**Work task**: Word for word, restate the lines of the data below between those holding "胡散臭い通販商品みたいなあだ名 | 『ガンによく効くアガリクス…その名も「さとうともゆき」』 |" and "リビングは2階にございますの", inclusive; pictures do not belong in the copy.

**Source data**:
Start of Block
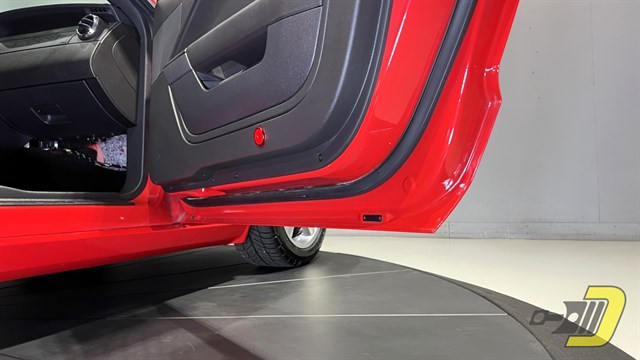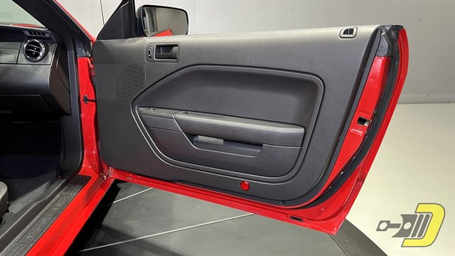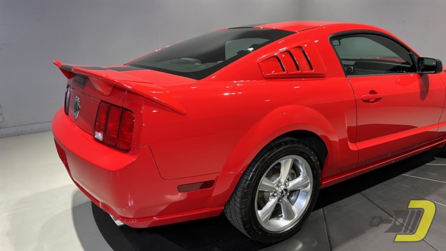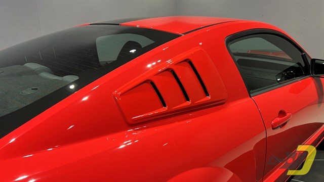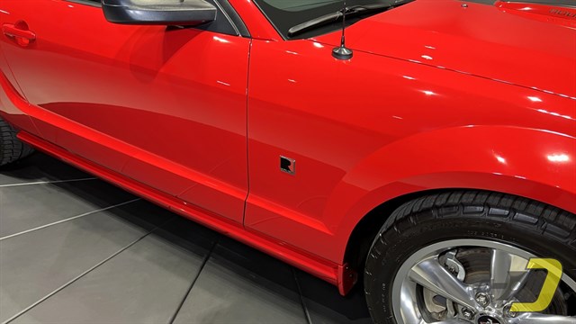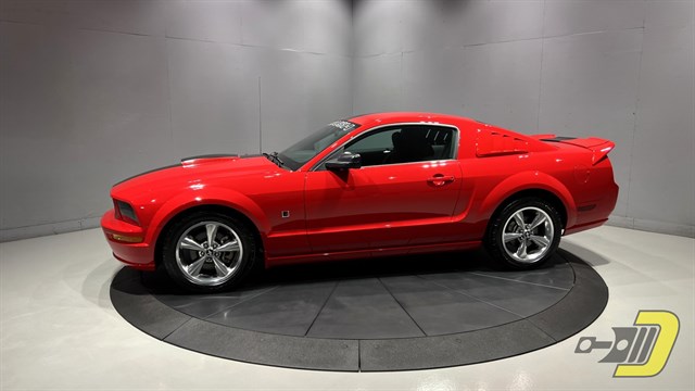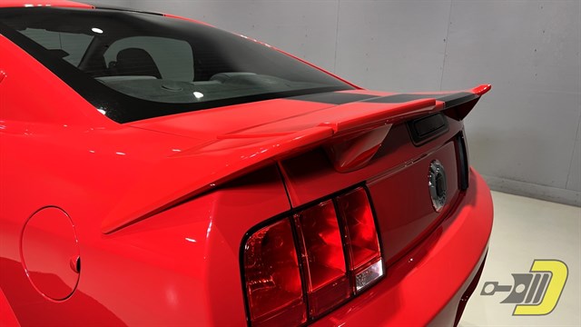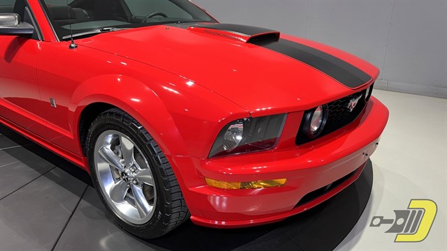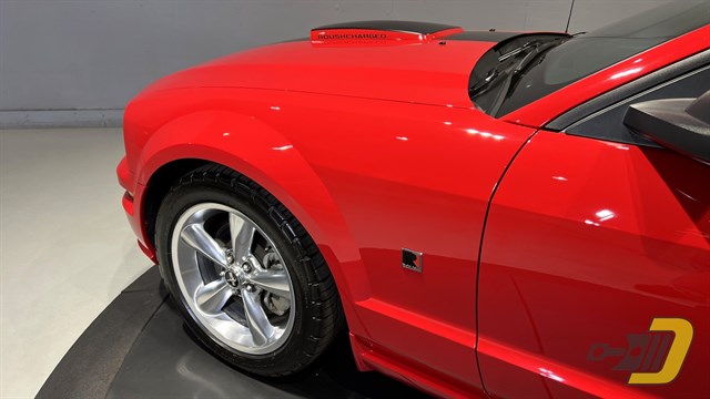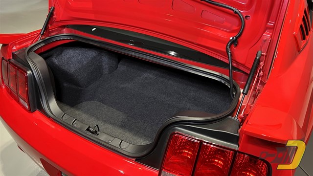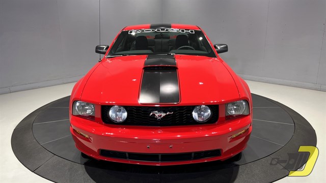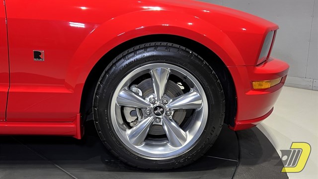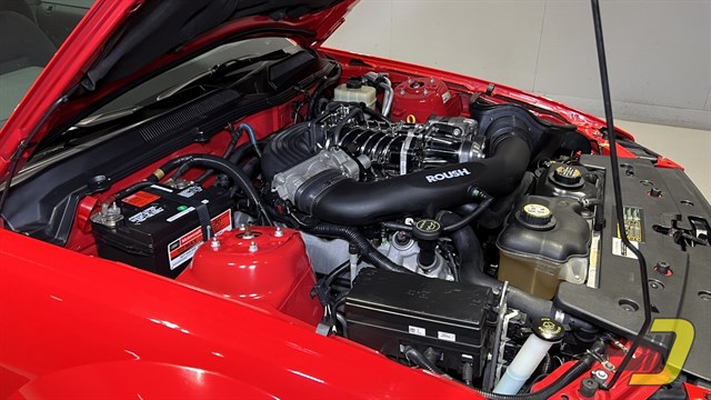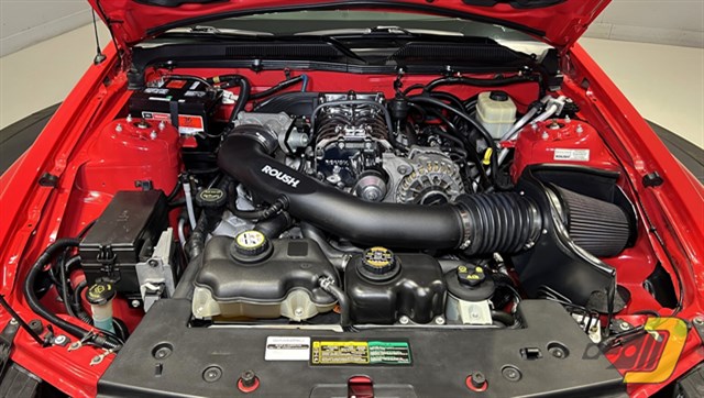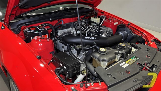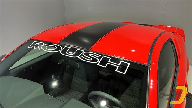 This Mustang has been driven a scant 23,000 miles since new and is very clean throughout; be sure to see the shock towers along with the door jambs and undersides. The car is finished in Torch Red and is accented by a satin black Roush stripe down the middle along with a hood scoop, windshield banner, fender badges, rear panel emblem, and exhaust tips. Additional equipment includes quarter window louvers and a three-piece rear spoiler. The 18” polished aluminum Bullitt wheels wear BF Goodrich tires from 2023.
End of Block
Start of Block
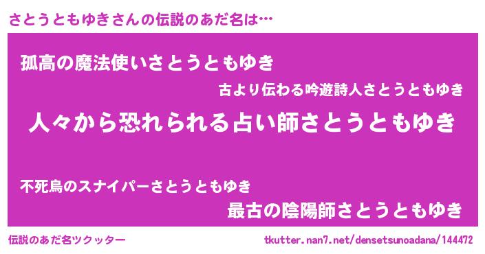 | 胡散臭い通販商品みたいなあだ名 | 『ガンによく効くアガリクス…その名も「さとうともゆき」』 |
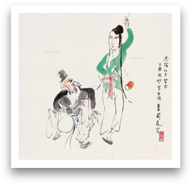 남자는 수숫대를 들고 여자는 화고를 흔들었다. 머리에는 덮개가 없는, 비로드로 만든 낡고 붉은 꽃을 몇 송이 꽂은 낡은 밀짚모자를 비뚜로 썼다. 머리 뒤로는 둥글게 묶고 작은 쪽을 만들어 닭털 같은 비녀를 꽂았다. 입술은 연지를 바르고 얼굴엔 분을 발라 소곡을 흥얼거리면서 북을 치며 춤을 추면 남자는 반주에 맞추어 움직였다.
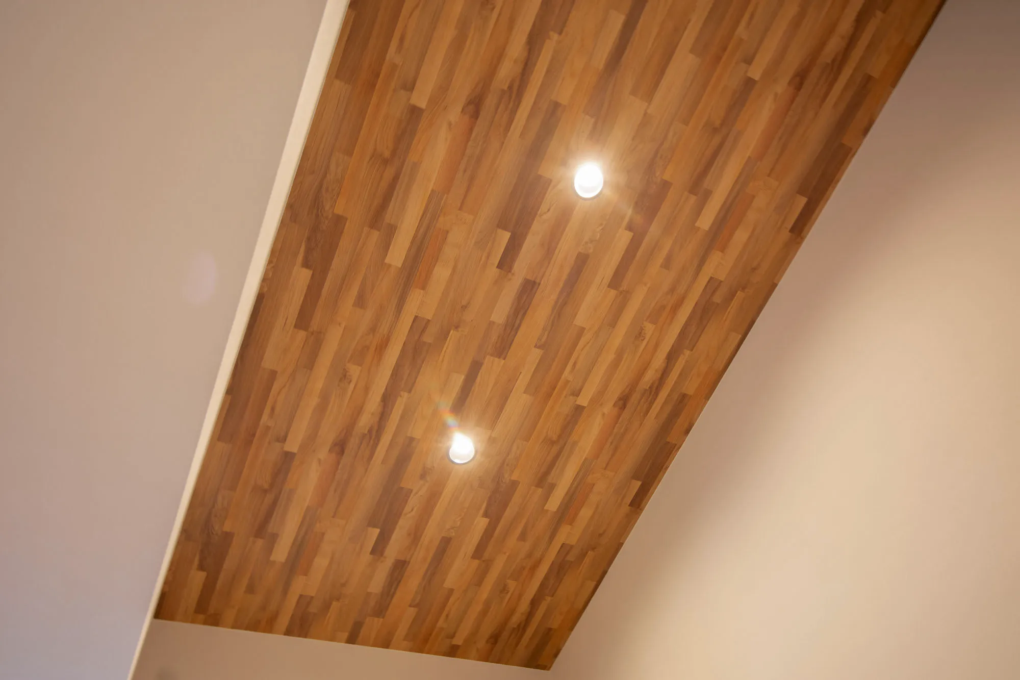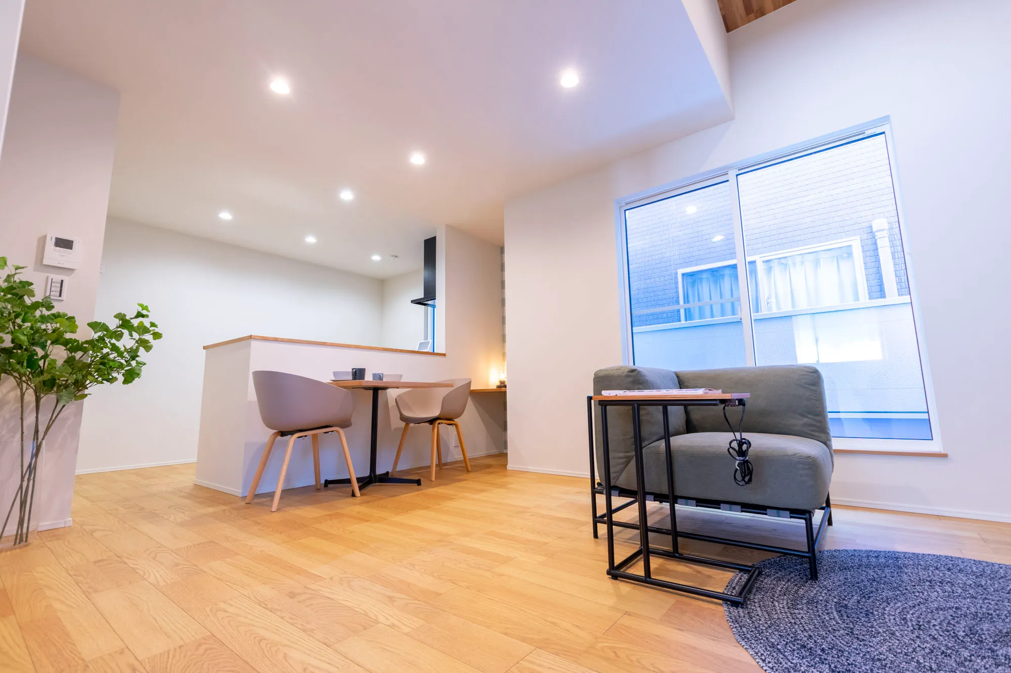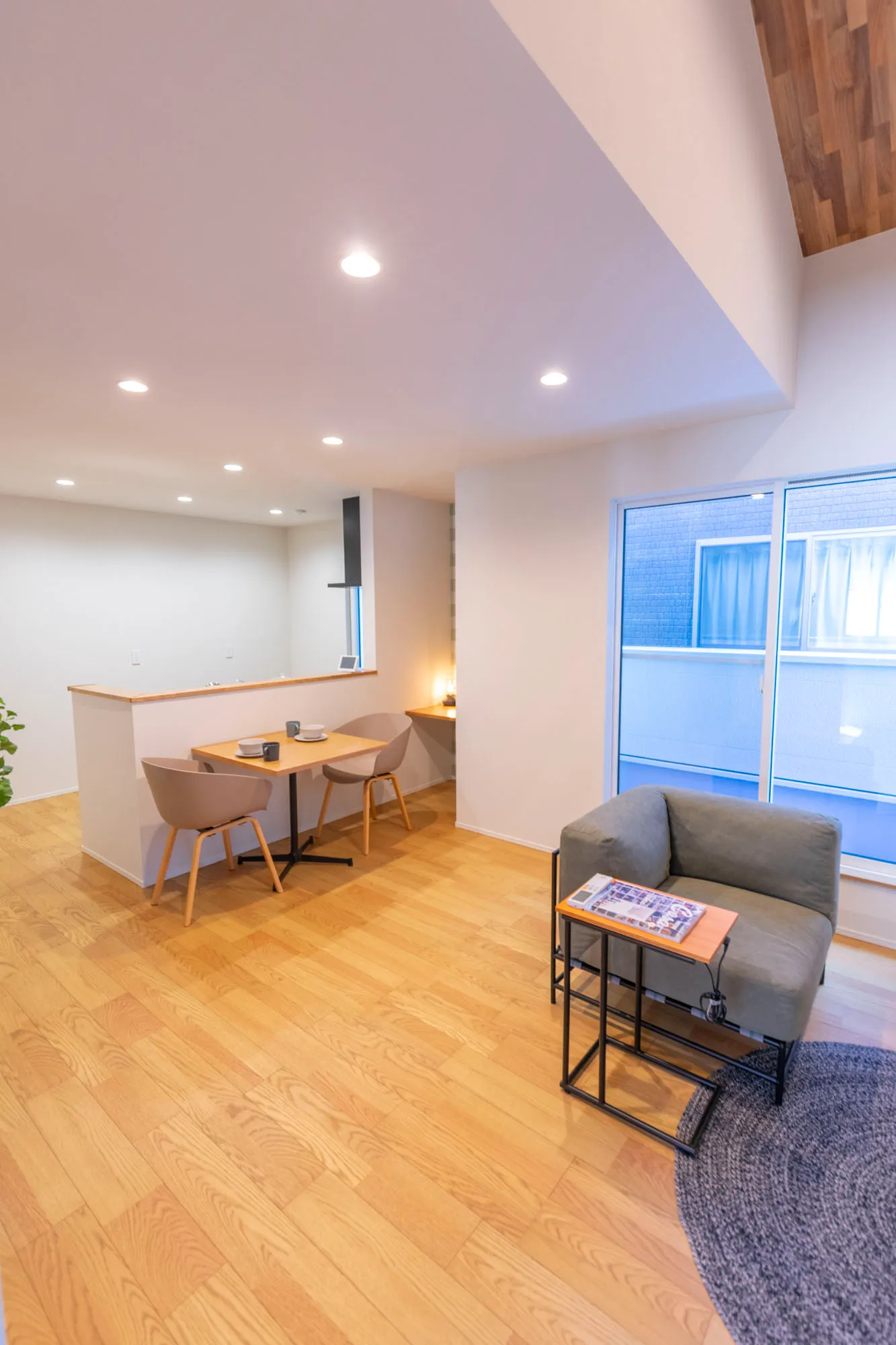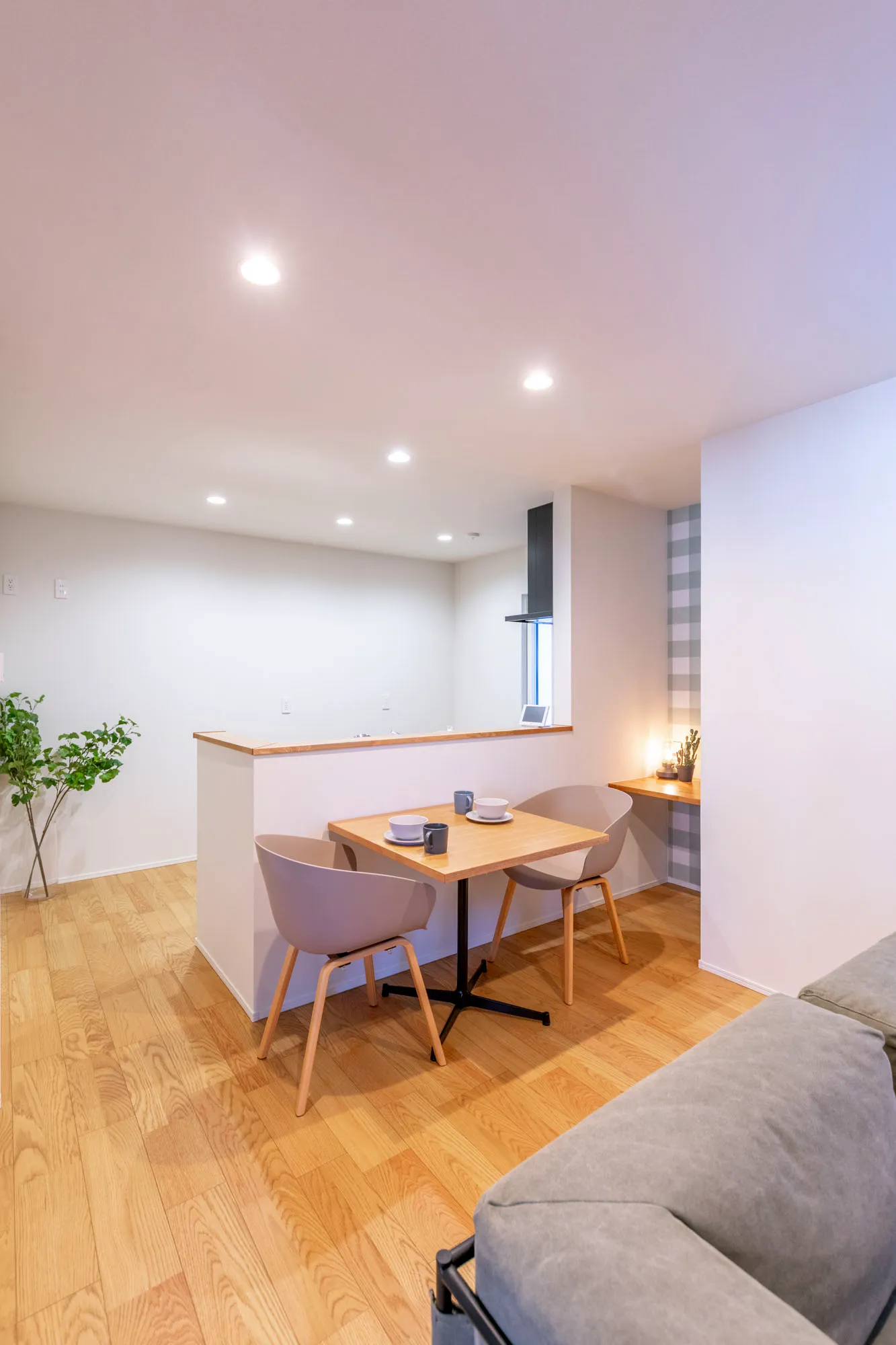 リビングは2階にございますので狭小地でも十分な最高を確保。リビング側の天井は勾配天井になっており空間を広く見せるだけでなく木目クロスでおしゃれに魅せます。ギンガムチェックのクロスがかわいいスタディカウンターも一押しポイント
End of Block
**Solution to this problem**:
 | 胡散臭い通販商品みたいなあだ名 | 『ガンによく効くアガリクス…その名も「さとうともゆき」』 |
 남자는 수숫대를 들고 여자는 화고를 흔들었다. 머리에는 덮개가 없는, 비로드로 만든 낡고 붉은 꽃을 몇 송이 꽂은 낡은 밀짚모자를 비뚜로 썼다. 머리 뒤로는 둥글게 묶고 작은 쪽을 만들어 닭털 같은 비녀를 꽂았다. 입술은 연지를 바르고 얼굴엔 분을 발라 소곡을 흥얼거리면서 북을 치며 춤을 추면 남자는 반주에 맞추어 움직였다.
 リビングは2階にございますので狭小地でも十分な最高を確保。リビング側の天井は勾配天井になっており空間を広く見せるだけでなく木目クロスでおしゃれに魅せます。ギンガムチェックのクロスがかわいいスタディカウンターも一押しポイント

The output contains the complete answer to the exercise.